The IOTA Project
The IOTA Project was the first real go at a VR game for the now-defunct DreamSail Games. This was during the 2017 heyday of spatial audio for VR — there were a number of different tools available, all with very different approaches, and no “best practices” to tie one down.
During that golden era, galvanized by that pioneering energy, I prototyped multiple approaches to audio in VR. I spoke to colleagues about my findings.
The short of it: VR immerses the player in the virtual world and shuts out the real one, and so the brain demands more information to compensate and make the virtual world feel real. The best/worst example of this is VR-induced motion sickness, when the player moves and is not getting feedback like they’d get in reality. The bar is higher for audio too: the player is more likely to notice when something is out of place, like, say, musical scoring, which has no place in reality (sadly).
After the designer places sound sources in the virtual environment, most of the effect is applied automatically with spatializer plugins that take into account the way that the player moves their head while wearing the VR headset. It’s science magic, but also requires a lot of tweaking of settings.

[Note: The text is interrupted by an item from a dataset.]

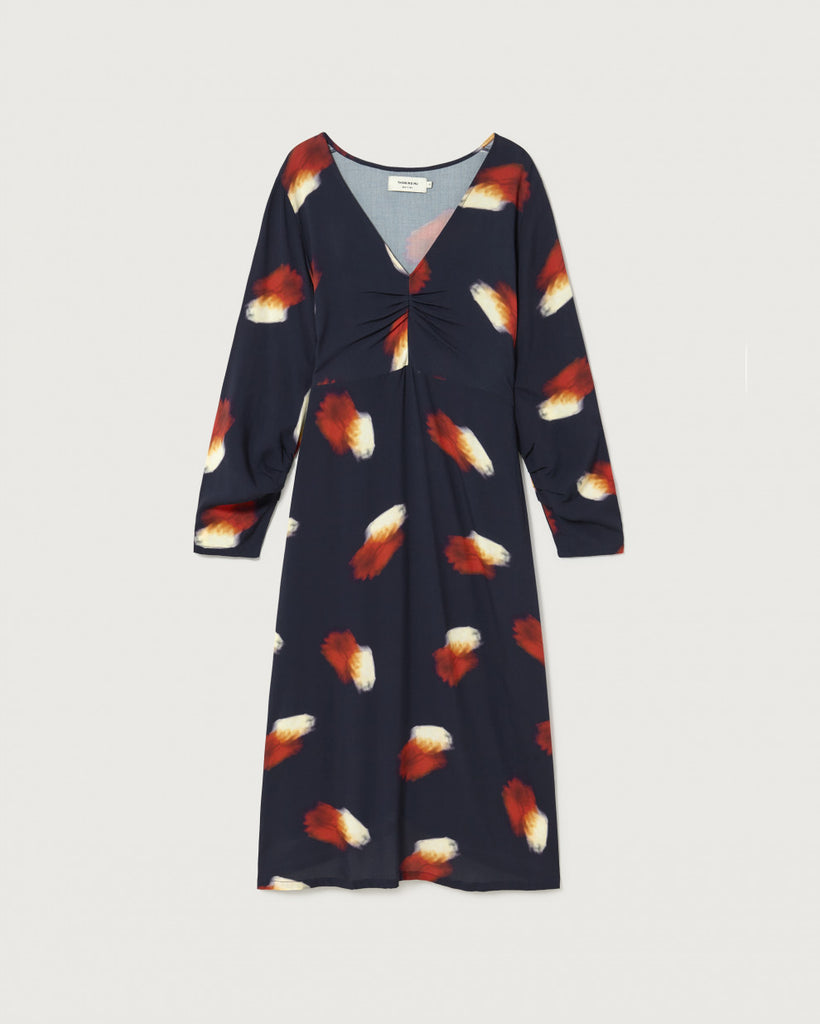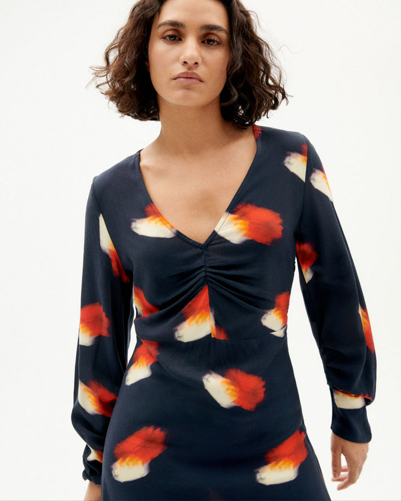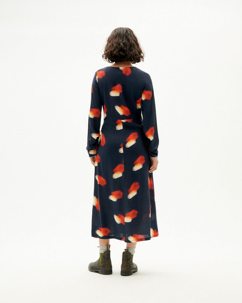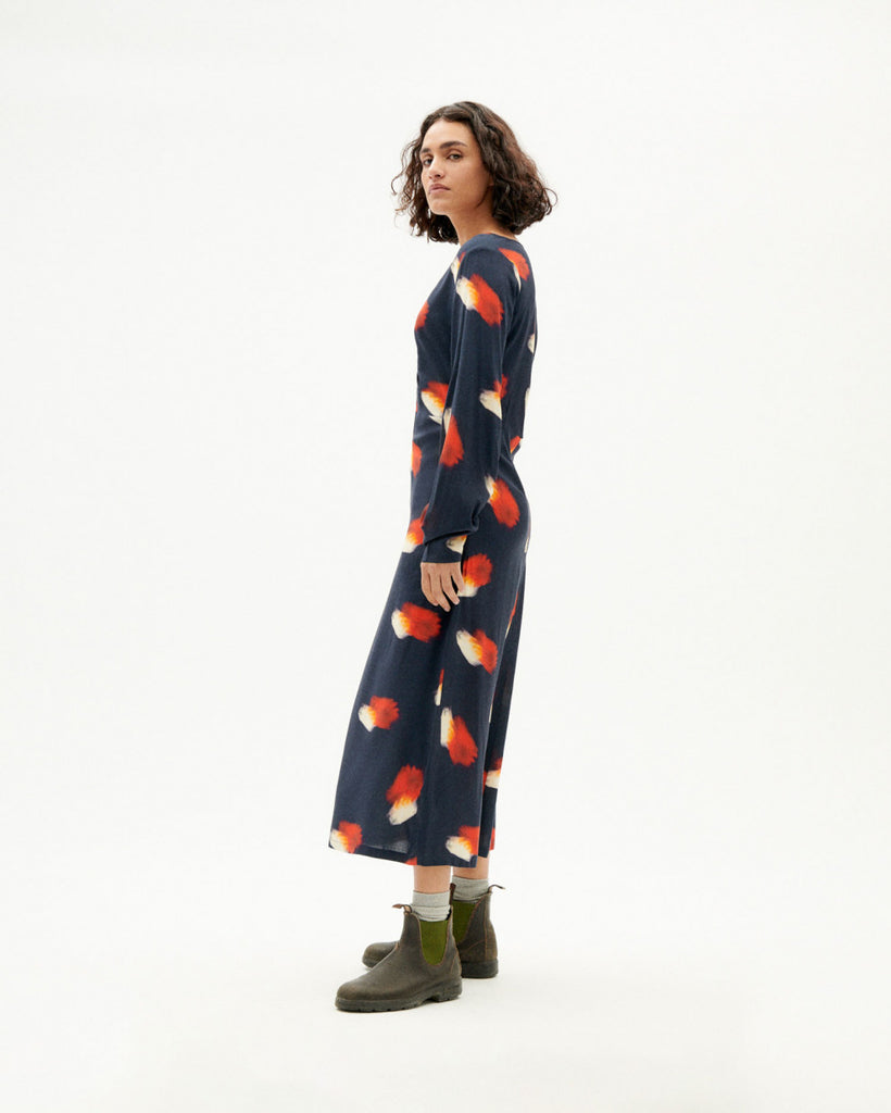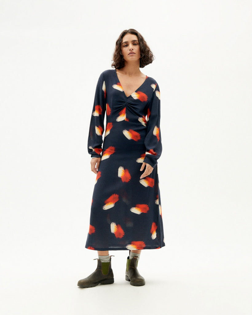Midi-Kleid mit langem Arm und V-Neck von THINKING MU. Fitted.

For the game, I developed a system with six virtual emitters, and split up my music track into six stems representing different parts of the frequency spectrum, one stem for each emitter. The emitters moved as the player character moved, but their cardinal positions were fixed — they did not rotate with the player’s head.
After a lot of tweaking, this worked well! The emitters just need to be far enough away such that the music seems to be coming from nowhere and everywhere.
Now who out there will hire me to Score the Real World as I’ve always dreamed?